Ela apertou o dedo indicador, rindo com aquele som borbulhante que os bebês fazem.
“Ela está andando!” exclamei. “Alejandro, ela acabou de dar três passos sozinha!”
—Eu vejo isso.
Sua voz era suave, reverente. Ele ergueu Lucía no ar, e ela imediatamente acariciou seu rosto com suas mãozinhas pegajosas. Ele não se afastou. Deixou que ela tocasse sua cicatriz, seu nariz, seus cabelos perfeitos.
“Você está ficando forte, pequena”, ele sussurrou para ela.
Meu coração deu uma volta enorme no peito. Ver “Lobo” Mendoza sendo usado como um brinquedo pelo meu bebê foi uma imagem que nunca deixou de me surpreender.
“Você é bom para ela”, eu disse baixinho. “Muito bom.”
Seu maxilar se contraiu. Com cuidado, ele colocou Lucia no chão.
—Eu tinha uma irmãzinha. Há muito tempo atrás.
—O que aconteceu com ele?
—Ela morreu. Dano colateral. Eu não consegui protegê-la.
As palavras pairavam no ar como fumaça tóxica.
“Sinto muito”, sussurrei.
“Não se desculpe. Foi isso que me fez quem eu sou.” Ela olhou para mim, e havia uma profunda escuridão em seus olhos. “Mas sua filha… ela não vê quem eu sou. Ela só vê a mim mesma. É… desconcertante.”
“Talvez ela veja quem você realmente é”, eu disse corajosamente. “Não quem você se tornou para sobreviver.”
Alejandro ficou parado, olhando para mim com uma intensidade que me fez sentir nua. Ele deu um passo em minha direção. O ar crepitou com a eletricidade estática.
—Elena, você…
COLIDIR!
O som de vidros quebrando ecoou no andar de baixo. Imediatamente seguido pelo som inconfundível de tiros.
V. SOB FOGO
Tudo aconteceu em câmera lenta e, ao mesmo tempo, rápido demais.
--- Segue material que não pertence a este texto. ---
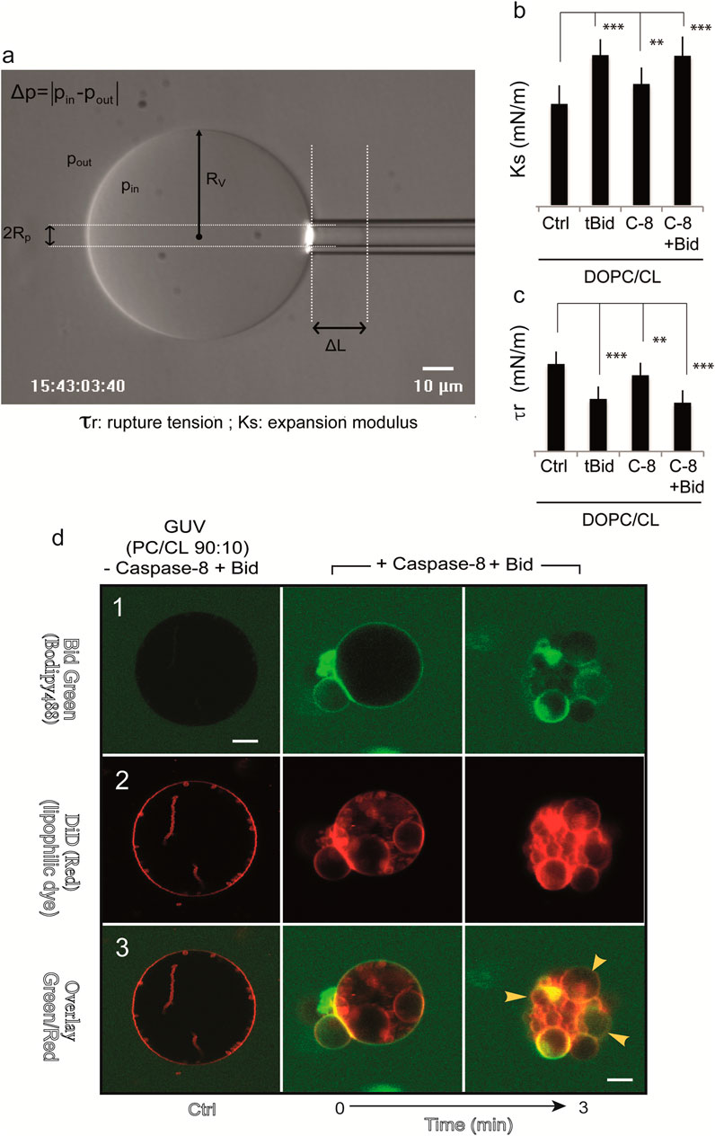 Figure 4. Mechanical properties of GUV vesicles when caspase8 is activated and BID is added. (a) Determination of the micromechanical properties of giant unilamellar vesicles (GUVs) via microaspiration. (a) Videomicrograph of a vesicle aspirated in a glass suction capillary. The main variables used to determine the area expansion modulus are as follows: RV, the vesicle radius; pin and pout, the pressure inside and outside the vesicle; and DL, the length of the membrane meniscus inside a glass pipette with an inner radius Rp. Excess membrane tension t is generated by suction such that △p≠0. (b,c) Histograms of the micromechanical quantities measured in the test system under different experimental conditions. (b) Ks: Young’s modulus (mN/m); (c) τr: Tensile strength (mN/m). Caspase-8 was added to a final concentration of 290 nM, tBID was added to 30 nM, and BID was added to 50 nM. Fisher’s test was used for statistical analysis of differences for both Ks and tr measurements (50 nM. Fisher’s test was used for statistical analysis of differences for both Ks and tr measurements (**, p = 0.01 and***p = 0.05). (d) Confocal microscopy study of BID and caspase-8 binding to giant unilamellar vesicles containing cardiolipin. Trios of images (top, middle and bottom) for the same sample: two images obtained with two different detector channels of the microscope, together with an overlay image. DOPC/CL (90:10) vesicles are shown in panels (1 - 3). Top: in (1), protein binding to GUVs is shown in green (this binding becomes apparent only when the green label accumulates at the membrane); middle: the GUV membrane was labeled with 0.05% of the hydrophobic dye DiO, as shown in (2); bottom: overlay of green and red images (3). The time is given in minutes. The arrows indicate a decrease in GUV fluorescence following the formation of a complex between procaspase-8 and BID-Alexa488, resulting in a nonfluorescent tBID. Schematic interpretation and confocal images are reproduced with permission from (Lutter et al., 2000).

A porta da sala de jogos se abriu de repente. Javier entrou, com o rosto coberto de sangue e uma arma na mão.
—Chefe! Eles estão lá dentro! Os colombianos romperam o perímetro!
Alejandro mudou instantaneamente. O homem que costumava brincar com minha filha desapareceu. O Lobo tomou o seu lugar.
Ele sacou uma arma da parte de trás da cintura, uma arma que eu nem sabia que ele estava carregando.
“Pegue a garota!”, ele gritou para mim. “Para o quarto do pânico! AGORA!”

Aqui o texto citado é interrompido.